A Dad’s Rights

A Dad's Rights

If you’ve just found out that your girlfriend or a girl you’ve been with is pregnant, you might be wondering what legal rights you have in the situation. Will you share custody or have regular visits with your child? Maybe she’s told you that she’s made an adoption plan, but you’re wondering – can she do that without you? Or she wants to have an abortion, but you’re not so sure – can you stop her?

Legally, what are the dad’s rights?

The specifics are a little different from state to state, so you’ll probably want to consult legal counsel. But there are some general guidelines.

If a pregnant woman is married, the courts assume the husband is the father of the baby. If the mother is not married, there is no legal presumption of paternity. The law doesn’t make any assumptions about who the father is, even if the mother is in a long-term dating relationship with a boyfriend. So paternity must be established. If an unwed father wants any legal rights, he has to establish paternity. And if the unwed mother wants the father to provide any financial child support, she has to establish his paternity.

How do you establish paternity? One way is for the father’s name to be on the baby’s birth certificate. How do you do that? The father is present at the birth of the baby and helps fill out the birth certificate forms, making sure his name is listed.

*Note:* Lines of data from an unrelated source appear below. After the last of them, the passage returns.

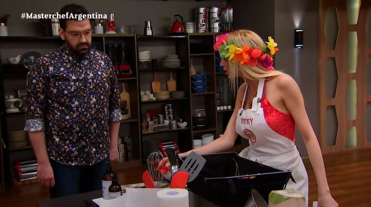 "Creo que me copió, no el sabor, pero vino a pispear y un poquito me robó", respondió la actriz tratando de suavizar la situación. "No recuerdo, pero yo no copio. Me gusta ser espontánea", se defendió Vicky. Cuando Claudia Villafañe pasó adelante saltó otra prueba incriminatoria para la vedette. "Vicky copió de acá también, al final copió de todos los platos", señaló Damián Betular.
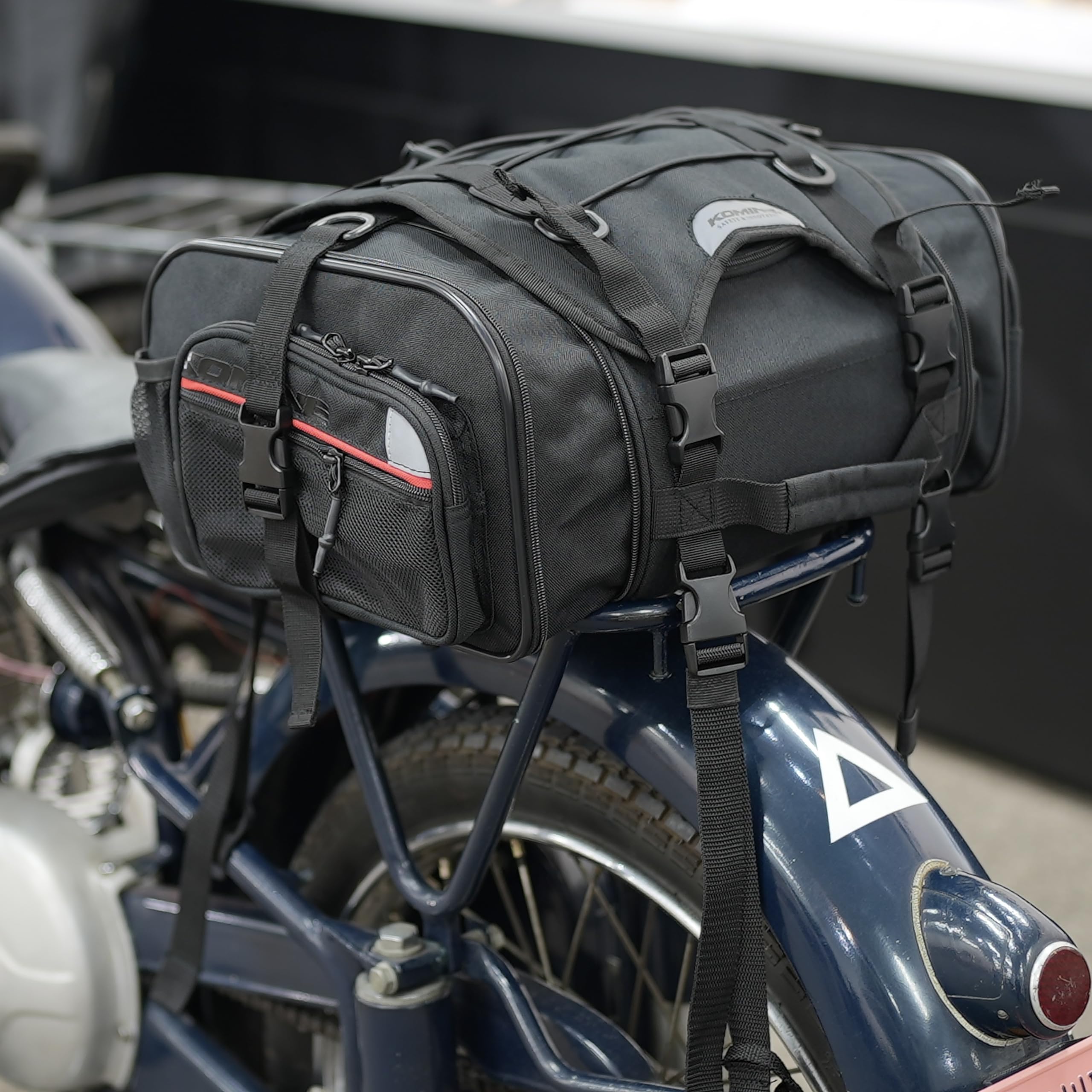 デイリーユースでも使いやすい容量のシートバッグ。シンプルなドラム形状のバッグ本体には型崩れを防ぐワイヤーフレームと樹脂製フレームを内蔵。両サイドのポケットと上部の大型フラップにより、日帰りから一泊程度のツーリングに対応可能。両サイドの拡張ジッパーにより、26Lまで拡張可能。 ●Dimensions(mm) : H200×W360(510)×D300
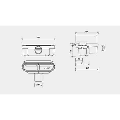 Horizontālā izeja t.sk. noņemams ūdens slazds, kuru var izjaukt tīrīšanai, var pagriezt par 180 grādiem, ja nepieciešama uz aizmuguri vērsta izvada. Ūdens slazdam ir 50 mm ūdens blīvējums. Piezīme: īpaši zems uzstādīšanas augstums un VA apstiprināts
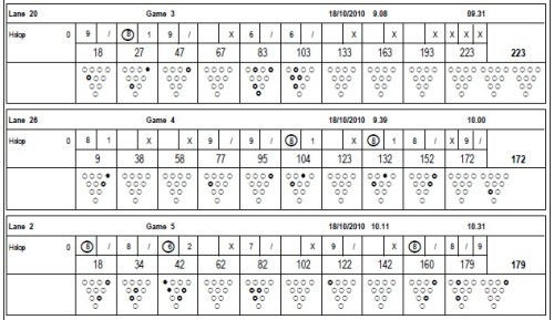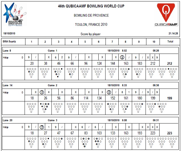 Nesse primeiro dia, o brasileiro Marcelo encontrou nada menos que 9 splits nas 5 partidas que jogou, o que não permitiu que fechasse com uma boa média. Confiram as partidas frame a frame:
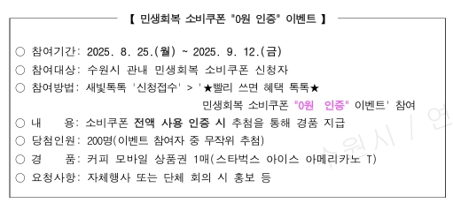 수원시 민생회복 소비쿠폰 0원 인증 이벤트 안내
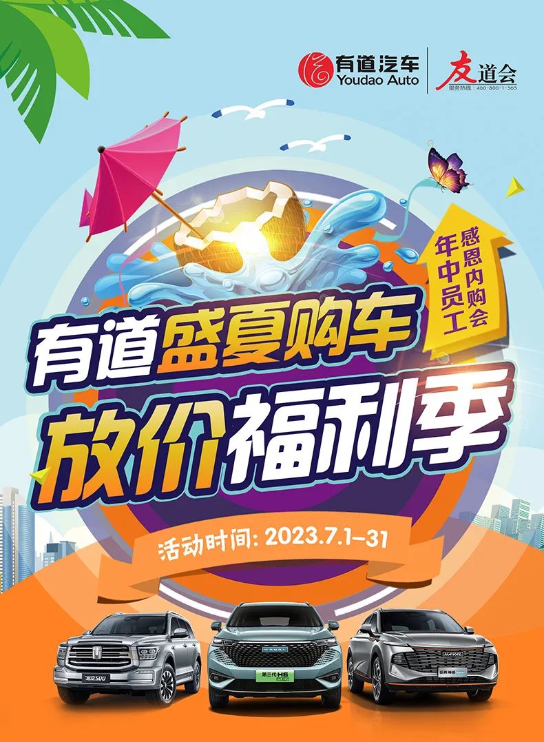 7月1日起,有道全面啟動盛夏購車“放價”福利季-年中員工感恩內購會活動,這個夏天,就要來體驗清涼鉅惠,活動期間嗨購愛車,搶員工親友內購價名額,享員工親友購車福利,至高尊享30000元購車基金。
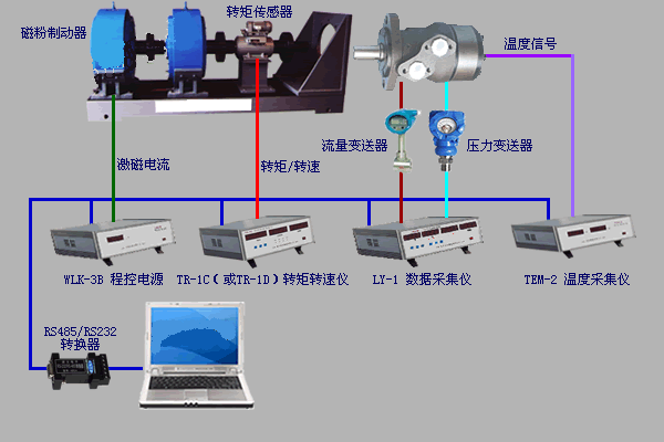 1. 系統(tǒng)通過1臺相位差式轉(zhuǎn)矩轉(zhuǎn)速傳感器及1臺TR-1C轉(zhuǎn)矩轉(zhuǎn)速采集儀(或TR-1D轉(zhuǎn)矩轉(zhuǎn)速采集儀)采集馬達的輸出轉(zhuǎn)矩和轉(zhuǎn)速;用1臺LY-1型數(shù)據(jù)采集儀采集流量和壓力;用1臺TEM-2溫度采集儀檢測溫升;用WLK-3B程控電源控制磁粉制動器對馬達進行加載。

But what if the mother and father aren’t in a relationship anymore and she doesn’t want him at the birth? There’s still a way to establish paternity. Some states have something called a Putative Father Registry. Nebraska has a Biological Father Registry. This is a way for men to notify the state before a baby is even born, basically letting the state know he thinks he’s the father of a baby and wants to be notified or included in any decisions that affect custody of that child. You can look at this as a man staking his claim, declaring he intends to claim paternity of a child as soon as the baby is born. If a state has a Putative Father Registry, adoption agencies and the courts check that list before finalizing any adoptions.

If a father’s name isn’t on the birth certificate, most courts assume the father isn’t interested or doesn’t want to be involved. The Putative Father Registry, or Biological Father Registry, is a way for men to let the state know they do want to be involved. So if you’re a man and you think you’ve fathered a baby and want to be involved in that child’s life, it’s important that you get signed onto that registry as soon as you know about the pregnancy. This registry doesn’t establish paternity, but it is a step in that direction and helps protect the father’s rights. If your state doesn’t have a Putative Father Registry, then you can contact a family law attorney and ask about a Voluntary Acknowledgement of Paternity form, which is another good first step in establishing paternity.

If the father’s name isn’t on the birth certificate, he can still establish paternity; it’s just a little more complicated. The father and baby will provide DNA to establish paternity. If the mother doesn’t want to cooperate, the man who wants to prove paternity will have to get a court order to get the DNA sample from the baby. A family law attorney can help with this. If you can’t afford an attorney, you can call your local Legal Aid Society and someone there can probably help you.

All of these steps can help a father be involved in the decision of whether or not to place a child for adoption and help a father get some level of custody. Once a man has indicated to the state that he wants to parent a child and doesn’t want to relinquish his parental rights, it’s very difficult – if not impossible – for a woman to place the baby for adoption without his permission.

What about abortion? If a man’s wife or girlfriend is pregnant and chooses to have an abortion, she does not legally have to get his consent. The United States Supreme Court has found laws requiring a spouse’s consent for abortion to be unconstitutional. The Supreme Court also found a law requiring the father to be notified about an abortion to be unconstitutional. If a man and woman do not agree on whether or not to have an abortion, only one choice can be made, and the Supreme Court reasoned that because a pregnancy affects the woman more, the final decision rests with her. So if the woman wants an abortion, the man doesn’t have the legal right to prevent her from doing so.

The decision to terminate a pregnancy can be a very emotional one, especially if your partner chooses abortion and you would’ve preferred to raise the baby. If you’re a man in that situation, we’re here to provide resources and to help you get the counseling and support you need. Please call us today to schedule an appointment.

If you think you’ve fathered a baby, and you want to be involved in raising your child, good for you! Many studies show that children with involved fathers (or father-figures) fare better in every way. As a father, you have rights and responsibilities. If you’re not married to the mother, establishing those rights and responsibilities is a bit more complicated, but not impossible. Talk to a family law attorney or contact your local Legal Aid Society to take the appropriate steps to establish paternity and gain parental rights.